### [Data shown]

--- --- ---

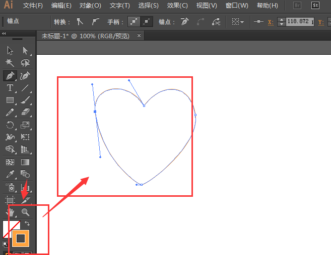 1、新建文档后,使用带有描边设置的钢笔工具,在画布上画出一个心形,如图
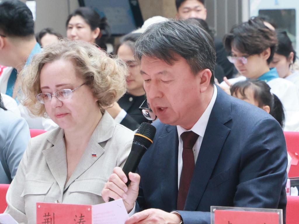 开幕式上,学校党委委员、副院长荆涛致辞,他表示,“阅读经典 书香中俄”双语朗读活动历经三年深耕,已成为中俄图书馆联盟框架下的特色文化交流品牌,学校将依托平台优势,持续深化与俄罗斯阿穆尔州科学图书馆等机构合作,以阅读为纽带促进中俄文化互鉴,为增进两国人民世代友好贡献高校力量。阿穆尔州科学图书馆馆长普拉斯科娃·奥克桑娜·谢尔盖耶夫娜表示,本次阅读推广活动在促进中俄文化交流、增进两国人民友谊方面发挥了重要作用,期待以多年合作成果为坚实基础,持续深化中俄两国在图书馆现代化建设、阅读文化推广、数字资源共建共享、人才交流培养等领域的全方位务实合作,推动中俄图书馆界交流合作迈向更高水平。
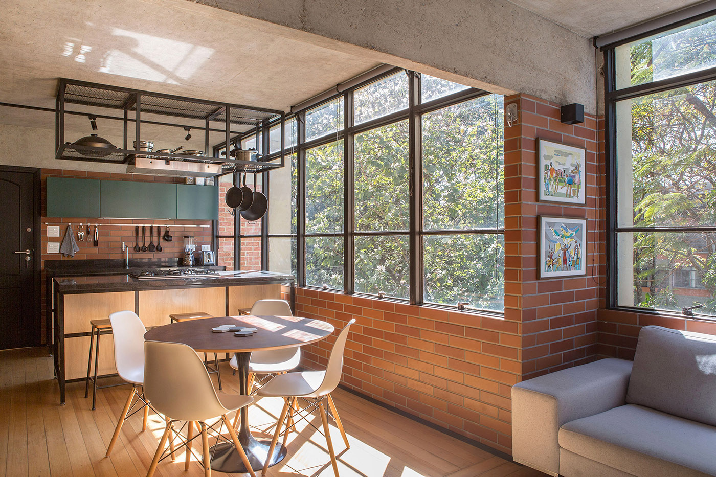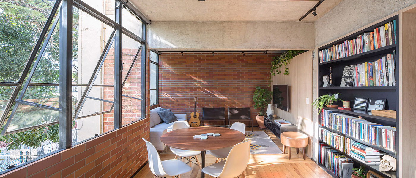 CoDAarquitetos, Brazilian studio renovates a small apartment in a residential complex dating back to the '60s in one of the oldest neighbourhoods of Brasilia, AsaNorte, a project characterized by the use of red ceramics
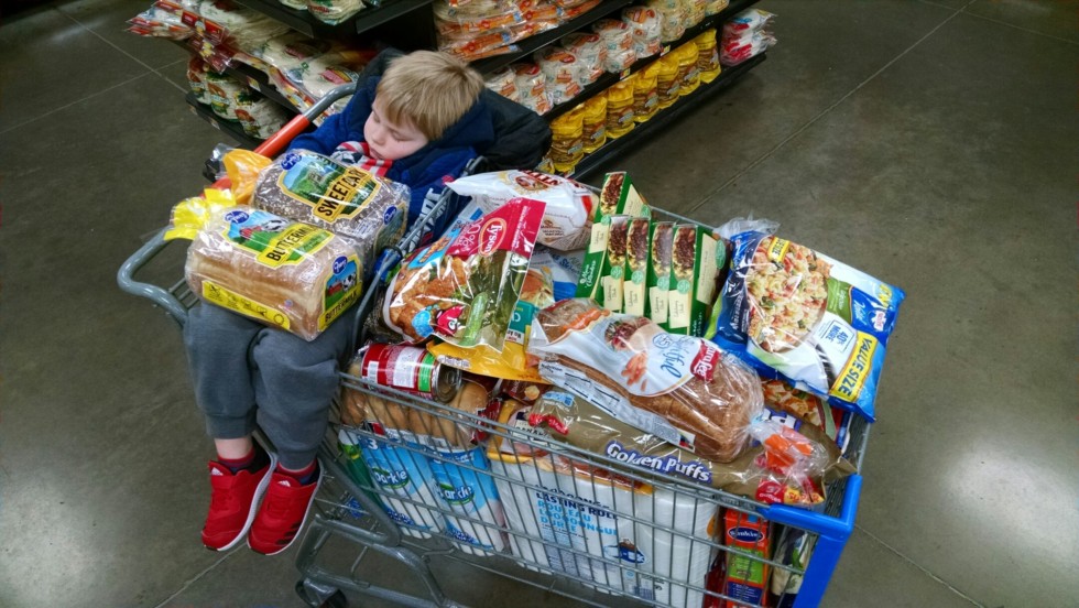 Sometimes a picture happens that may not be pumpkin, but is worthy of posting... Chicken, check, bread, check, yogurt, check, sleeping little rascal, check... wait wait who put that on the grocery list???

--- --- ---

### [Your instructions]
Emit an exact copy of the lines from the line bearing "CoDAarquitetos, Brazilian studio" through the last line above, inclusive, and leave the images out.

### [Task result]
 CoDAarquitetos, Brazilian studio renovates a small apartment in a residential complex dating back to the '60s in one of the oldest neighbourhoods of Brasilia, AsaNorte, a project characterized by the use of red ceramics
 Sometimes a picture happens that may not be pumpkin, but is worthy of posting... Chicken, check, bread, check, yogurt, check, sleeping little rascal, check... wait wait who put that on the grocery list???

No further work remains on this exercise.